▸ Exercise: Transcribe the listing below in full, exactly, with no images.

▸ Available data:
☆ ☆ ☆ ☆ ☆ ☆ ☆

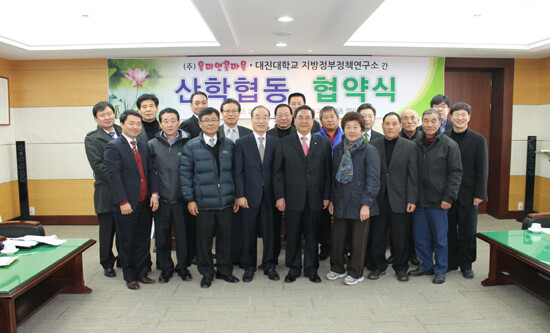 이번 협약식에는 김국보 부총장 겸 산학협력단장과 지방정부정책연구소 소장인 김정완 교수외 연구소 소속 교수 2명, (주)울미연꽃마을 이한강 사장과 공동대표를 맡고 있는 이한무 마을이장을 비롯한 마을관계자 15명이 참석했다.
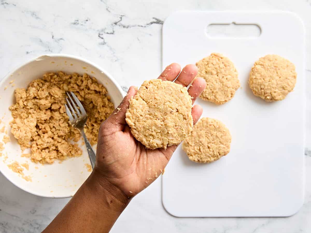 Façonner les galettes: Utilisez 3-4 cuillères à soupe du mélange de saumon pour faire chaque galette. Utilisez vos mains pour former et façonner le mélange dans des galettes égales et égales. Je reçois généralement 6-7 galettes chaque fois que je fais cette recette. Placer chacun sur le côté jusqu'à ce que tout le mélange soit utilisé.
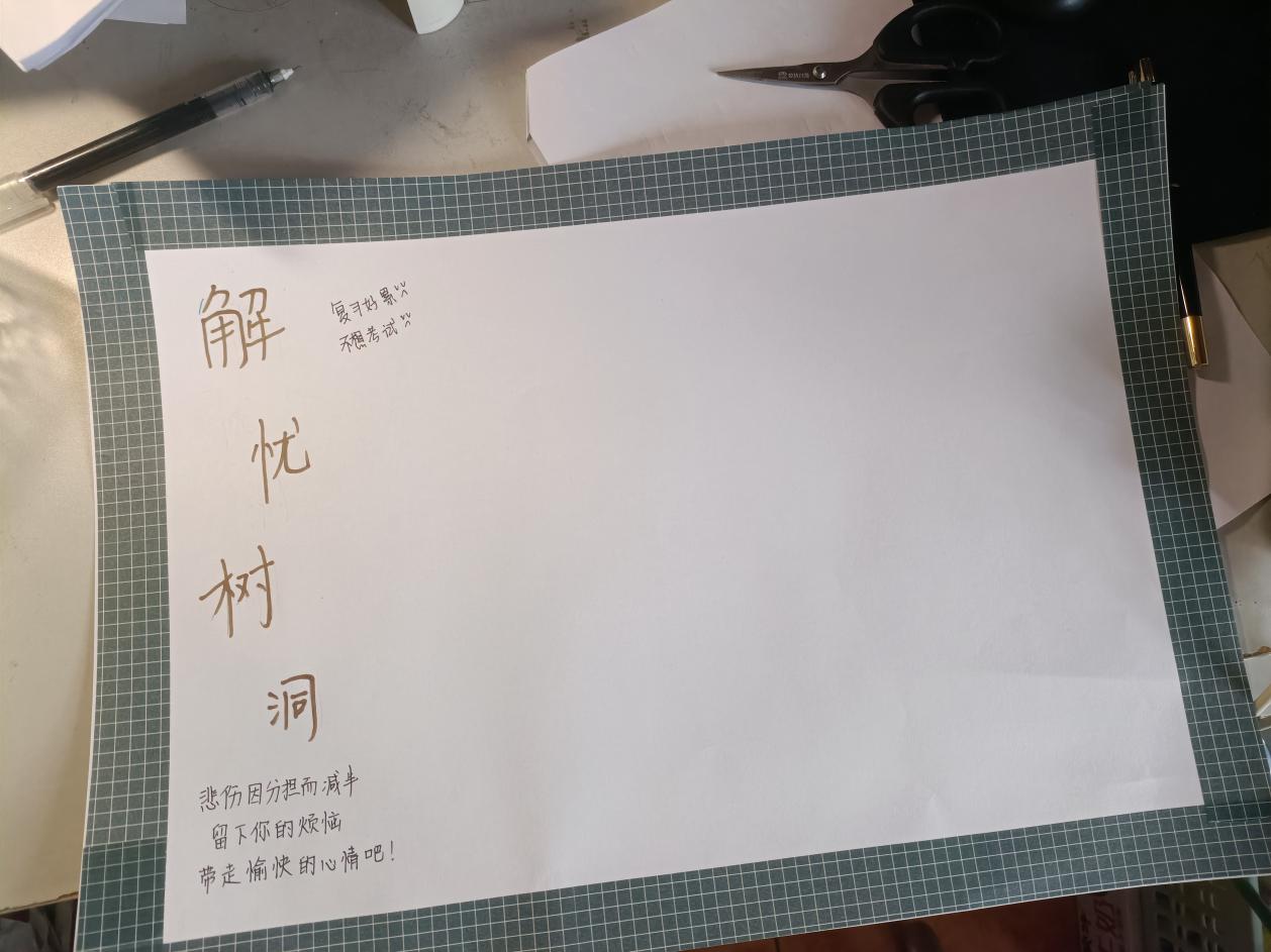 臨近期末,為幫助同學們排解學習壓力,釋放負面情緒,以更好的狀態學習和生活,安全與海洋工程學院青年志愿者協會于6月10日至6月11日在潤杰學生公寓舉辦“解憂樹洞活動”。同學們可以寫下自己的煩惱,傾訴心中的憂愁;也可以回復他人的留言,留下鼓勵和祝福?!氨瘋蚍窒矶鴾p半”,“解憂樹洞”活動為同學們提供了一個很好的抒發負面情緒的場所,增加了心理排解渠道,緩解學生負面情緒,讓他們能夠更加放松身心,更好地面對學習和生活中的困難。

☆ ☆ ☆ ☆ ☆ ☆ ☆

▸ Written answer:
 이번 협약식에는 김국보 부총장 겸 산학협력단장과 지방정부정책연구소 소장인 김정완 교수외 연구소 소속 교수 2명, (주)울미연꽃마을 이한강 사장과 공동대표를 맡고 있는 이한무 마을이장을 비롯한 마을관계자 15명이 참석했다.
 Façonner les galettes: Utilisez 3-4 cuillères à soupe du mélange de saumon pour faire chaque galette. Utilisez vos mains pour former et façonner le mélange dans des galettes égales et égales. Je reçois généralement 6-7 galettes chaque fois que je fais cette recette. Placer chacun sur le côté jusqu'à ce que tout le mélange soit utilisé.
 臨近期末,為幫助同學們排解學習壓力,釋放負面情緒,以更好的狀態學習和生活,安全與海洋工程學院青年志愿者協會于6月10日至6月11日在潤杰學生公寓舉辦“解憂樹洞活動”。同學們可以寫下自己的煩惱,傾訴心中的憂愁;也可以回復他人的留言,留下鼓勵和祝福?!氨瘋蚍窒矶鴾p半”,“解憂樹洞”活動為同學們提供了一個很好的抒發負面情緒的場所,增加了心理排解渠道,緩解學生負面情緒,讓他們能夠更加放松身心,更好地面對學習和生活中的困難。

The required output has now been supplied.